That Reynolds stem is sure pretty - would be nice to use if you could.

Have to admit I've ever seen a stem like that.  Maybe show what you have to Hilary and see what he thinks?


----------



## bulldog1935 (May 25, 2017)

Simple. said:


> ...View attachment 460458



Jon, after looking over this photo, I can't believe the Reynolds stem you bought is not the same as the broken one.
The broken one has a quill bolt.  Did a long quill bolt come out?  Are you sure you just don't have a stuck quill in the top of the fork steerer?

This just in from Hilary
_No the part in the steerer is part of the stem – I'd guess it is stuck because its aluminium. But the one I sent is also two part. Remove the expander bolt completely and the extension should tap off – warming it in the oven might help and also penetrating fluid etc. It should fit on his exactly but there sahould be a short bolt with a piece left inside what he has…
regards

Hilary

www.hilarystone.com
Period bikes and components




_

_
On 25/05/2017 13:07, Ron Mc wrote:
Hilary,
Fellow CR member here.
Do you mind looking at this broken Reynolds stem on a prewar Claud Butler - thread on The CABE. http://thecabe.com/forum/threads/late-30s-early-40s-claud-butler-find.109565/
I sent the OP to you to purchase what looked like the correct replacement.
I believe the original was a quill with a pressed-on aluminum forging.
The OP believes the remaining part above the headset is his fork steerer tube.
Have you seen anything like this?
Thanks for your time and considerate reply.
Ron Mc
Bulverde, Texas
_
So two choices here, either remove the old quill from your fork steerer, or remove the top forging from the new stem and use it (your old wedge should still be in the old quill)

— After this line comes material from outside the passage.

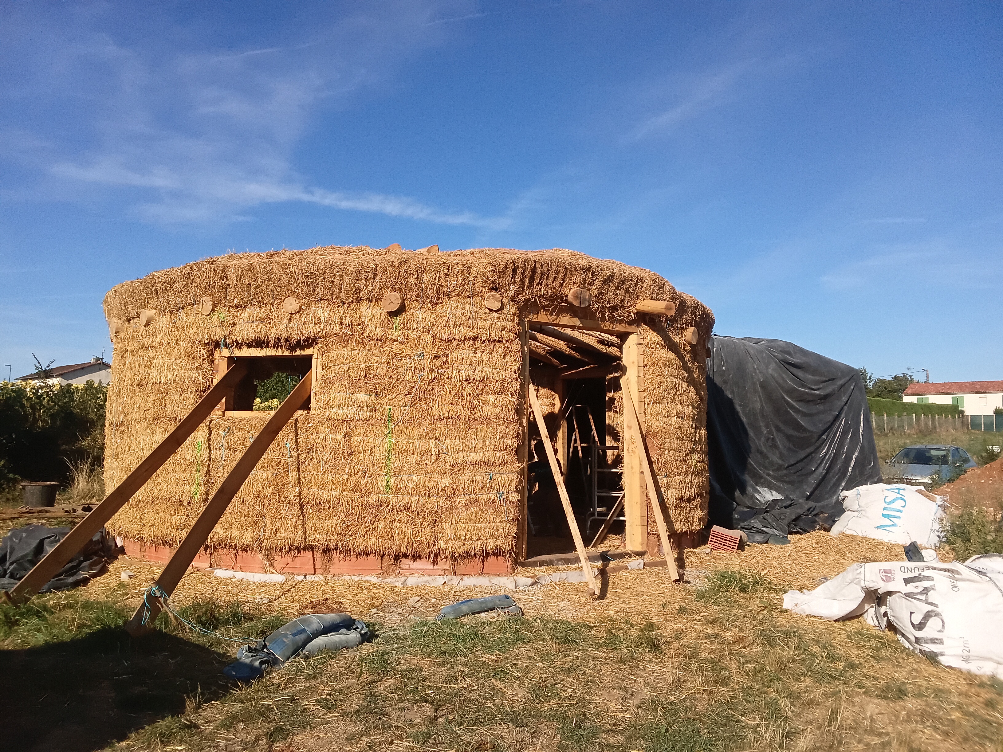 Avant de me lancer l’année dernière, j’ai suivi des formations chez Gurun et au Kerbouzier, puis participé à plusieurs chantiers paillourte via Twiza. Aujourd’hui, le bâtiment est hors d’eau/hors d’air, mais les enduits et la végétalisation de la toiture restent à terminer — ce sera l’aventure de 2026 !

PSS, here's a good price on a Brooks Team Pro
http://planetcyclery.com/price-broo...rail-honey-riveted?utm_source=google_shopping


----------



## Simple. (May 25, 2017)

Wow thanks for taking time to help Ron!  That is great news!  I will try to separate the new quill first as the old stem appears to be stuck pretty good (for now).  If separating the new one seems to be too risky, I will try and tackle the stem in the forks.  I should have this addressed this evening and hopefully some updates.  I just joined here recently and I am blown away by how friendly and willing people are to help. 

I will keep this thread going as I resurrect this bike and take it on adventures!

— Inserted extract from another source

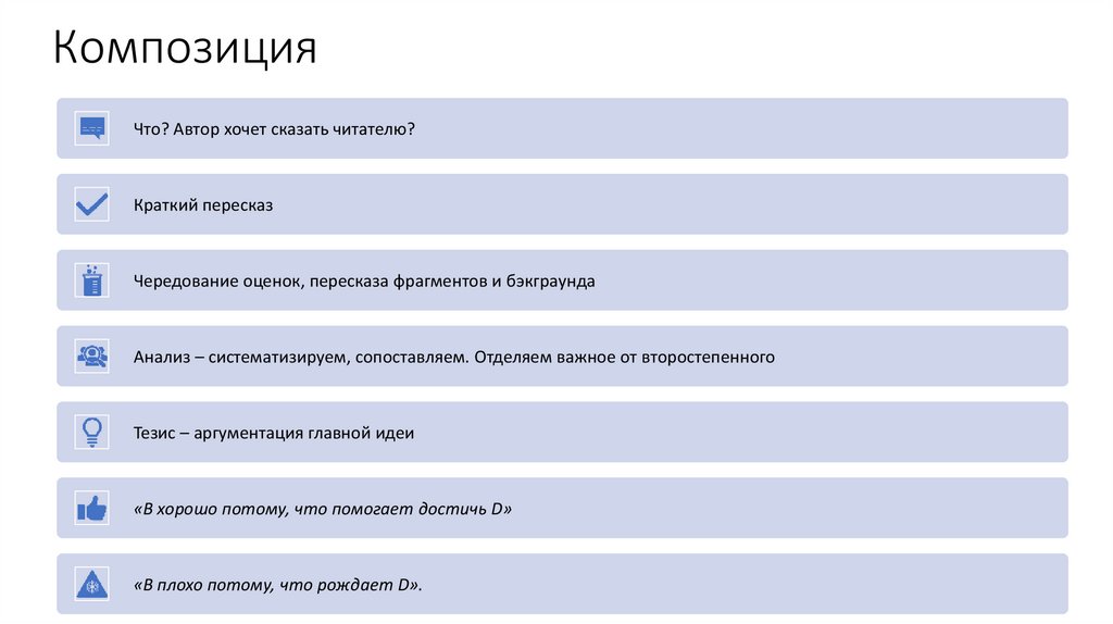 Чередование оценок, пересказа фрагментов и бэкграунда

What would the grip material used back then be like?  I will true the rear wheel tonight and regrease it, then I just need to find a nice patina'd Brooks saddle for it!

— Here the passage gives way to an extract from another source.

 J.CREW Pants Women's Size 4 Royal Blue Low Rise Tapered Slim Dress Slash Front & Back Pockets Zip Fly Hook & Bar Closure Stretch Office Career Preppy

Thanks again for all your help!

Jon

These are pictures from when I rescued it and brought it home.


----------



## bulldog1935 (May 26, 2017)

Something else that might help.
The split taper in the top of your stuck stem quill.
*Just slightly* spread that before you install the new reach forging.
Probably the reason your old reach forging cracked to begin with was over-tightening.
Doing this will give you a new press-fit at the joint.
Anytime I remove/install new bars on an old stem, I use a screwdriver blade to spread the bar clamp so everything will move with minimum friction, e.g.


----------



## Simple. (May 27, 2017)

Thanks!  Both appear to be pretty well locked together still.  Even a little heat wasn't enough and the aluminum alloy is very soft so trying to persuade it is challenging.  There's a indexing pin on the top of the new forging, if I can get that pin out, I'm pretty sure I can twist the forging back and forth and separate the two.  It's been in penetrating lube all night so I will try again in a bit!

Jon


----------



## bulldog1935 (May 27, 2017)

try the freezer, too - this has worked for me with stuck screws in antique fly reels.
It's not the cold condition that makes it work, but the cycles through warm and cold.

and logically, a cold stem and a warm forging should separate easier.  
Try overnight in the freezer, and hit the forging with a blow drier


----------



## Simple. (May 27, 2017)

We are back in action.  Had to make a hybrid quill.  The lock pin on the new one was a bigger diameter so I filed the stem groove bigger, then re-drilled the forging so I could use the old style double-bolt setup.  

Still not set on a seat, but I've got some that will get me by for now.  Once I fix the rear wheel I will have some better photos!

Jon


----------



## bulldog1935 (May 29, 2017)

looking forward to a ride report


----------



## Simple. (May 29, 2017)

I found a nice brooks seat that will match the patina.  I've got over 5 hours of cleaning/polishing so far and it's really starting to look like something.  Trying to be gentle with the cleaning process so its taking some time.  Here's some random pictures until the seat shows up!

Revealed the San Giorgio wheels...




And the Bayliss Wiley hubs...




Still can't locate any markings on the chain wheel..




Love these pedals.




Tapered spokes with brass nipples


----------



## Simple. (May 31, 2017)

Got out for it's 5 mile maiden voyage!  Don't mind the seat, a proper Brooks is in the mail!!!  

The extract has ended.